### WHAT THE TASK REQUIRES
The data are to be restated in full, exactly as presented.

+++

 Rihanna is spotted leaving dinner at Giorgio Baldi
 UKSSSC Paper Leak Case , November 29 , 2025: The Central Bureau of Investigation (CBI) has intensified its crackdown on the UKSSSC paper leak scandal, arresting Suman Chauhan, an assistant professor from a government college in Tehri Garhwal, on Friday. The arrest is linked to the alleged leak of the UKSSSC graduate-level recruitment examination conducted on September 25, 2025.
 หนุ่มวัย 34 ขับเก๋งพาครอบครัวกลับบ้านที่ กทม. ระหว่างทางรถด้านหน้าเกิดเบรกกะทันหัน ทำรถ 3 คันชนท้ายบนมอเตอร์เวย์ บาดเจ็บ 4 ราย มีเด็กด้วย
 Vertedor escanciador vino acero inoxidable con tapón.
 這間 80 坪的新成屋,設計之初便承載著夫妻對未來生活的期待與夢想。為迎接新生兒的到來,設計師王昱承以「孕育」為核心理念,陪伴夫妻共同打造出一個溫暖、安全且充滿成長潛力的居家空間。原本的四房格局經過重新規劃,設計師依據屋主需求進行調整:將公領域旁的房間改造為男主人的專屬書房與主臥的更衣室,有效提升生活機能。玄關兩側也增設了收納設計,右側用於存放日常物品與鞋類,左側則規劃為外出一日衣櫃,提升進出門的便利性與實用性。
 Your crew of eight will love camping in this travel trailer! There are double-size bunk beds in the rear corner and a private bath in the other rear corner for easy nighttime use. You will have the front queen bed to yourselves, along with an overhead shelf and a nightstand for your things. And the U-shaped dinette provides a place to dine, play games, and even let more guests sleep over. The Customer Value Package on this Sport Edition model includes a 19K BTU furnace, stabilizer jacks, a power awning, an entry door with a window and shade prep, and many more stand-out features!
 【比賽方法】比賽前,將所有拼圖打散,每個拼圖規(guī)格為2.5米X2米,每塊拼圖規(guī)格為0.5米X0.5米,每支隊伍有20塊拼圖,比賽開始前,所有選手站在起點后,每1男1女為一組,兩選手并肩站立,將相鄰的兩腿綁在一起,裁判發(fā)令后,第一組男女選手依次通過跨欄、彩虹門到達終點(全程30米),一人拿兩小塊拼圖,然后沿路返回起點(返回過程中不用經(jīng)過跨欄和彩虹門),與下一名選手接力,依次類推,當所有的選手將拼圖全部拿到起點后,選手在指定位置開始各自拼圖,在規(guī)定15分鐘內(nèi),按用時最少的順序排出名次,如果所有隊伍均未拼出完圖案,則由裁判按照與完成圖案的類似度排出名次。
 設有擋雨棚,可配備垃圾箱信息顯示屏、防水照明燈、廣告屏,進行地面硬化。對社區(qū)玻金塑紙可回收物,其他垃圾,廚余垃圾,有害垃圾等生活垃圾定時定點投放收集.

+++

### SOLUTION
 Rihanna is spotted leaving dinner at Giorgio Baldi
 UKSSSC Paper Leak Case , November 29 , 2025: The Central Bureau of Investigation (CBI) has intensified its crackdown on the UKSSSC paper leak scandal, arresting Suman Chauhan, an assistant professor from a government college in Tehri Garhwal, on Friday. The arrest is linked to the alleged leak of the UKSSSC graduate-level recruitment examination conducted on September 25, 2025.
 หนุ่มวัย 34 ขับเก๋งพาครอบครัวกลับบ้านที่ กทม. ระหว่างทางรถด้านหน้าเกิดเบรกกะทันหัน ทำรถ 3 คันชนท้ายบนมอเตอร์เวย์ บาดเจ็บ 4 ราย มีเด็กด้วย
 Vertedor escanciador vino acero inoxidable con tapón.
 這間 80 坪的新成屋,設計之初便承載著夫妻對未來生活的期待與夢想。為迎接新生兒的到來,設計師王昱承以「孕育」為核心理念,陪伴夫妻共同打造出一個溫暖、安全且充滿成長潛力的居家空間。原本的四房格局經過重新規劃,設計師依據屋主需求進行調整:將公領域旁的房間改造為男主人的專屬書房與主臥的更衣室,有效提升生活機能。玄關兩側也增設了收納設計,右側用於存放日常物品與鞋類,左側則規劃為外出一日衣櫃,提升進出門的便利性與實用性。
 Your crew of eight will love camping in this travel trailer! There are double-size bunk beds in the rear corner and a private bath in the other rear corner for easy nighttime use. You will have the front queen bed to yourselves, along with an overhead shelf and a nightstand for your things. And the U-shaped dinette provides a place to dine, play games, and even let more guests sleep over. The Customer Value Package on this Sport Edition model includes a 19K BTU furnace, stabilizer jacks, a power awning, an entry door with a window and shade prep, and many more stand-out features!
 【比賽方法】比賽前,將所有拼圖打散,每個拼圖規(guī)格為2.5米X2米,每塊拼圖規(guī)格為0.5米X0.5米,每支隊伍有20塊拼圖,比賽開始前,所有選手站在起點后,每1男1女為一組,兩選手并肩站立,將相鄰的兩腿綁在一起,裁判發(fā)令后,第一組男女選手依次通過跨欄、彩虹門到達終點(全程30米),一人拿兩小塊拼圖,然后沿路返回起點(返回過程中不用經(jīng)過跨欄和彩虹門),與下一名選手接力,依次類推,當所有的選手將拼圖全部拿到起點后,選手在指定位置開始各自拼圖,在規(guī)定15分鐘內(nèi),按用時最少的順序排出名次,如果所有隊伍均未拼出完圖案,則由裁判按照與完成圖案的類似度排出名次。
 設有擋雨棚,可配備垃圾箱信息顯示屏、防水照明燈、廣告屏,進行地面硬化。對社區(qū)玻金塑紙可回收物,其他垃圾,廚余垃圾,有害垃圾等生活垃圾定時定點投放收集.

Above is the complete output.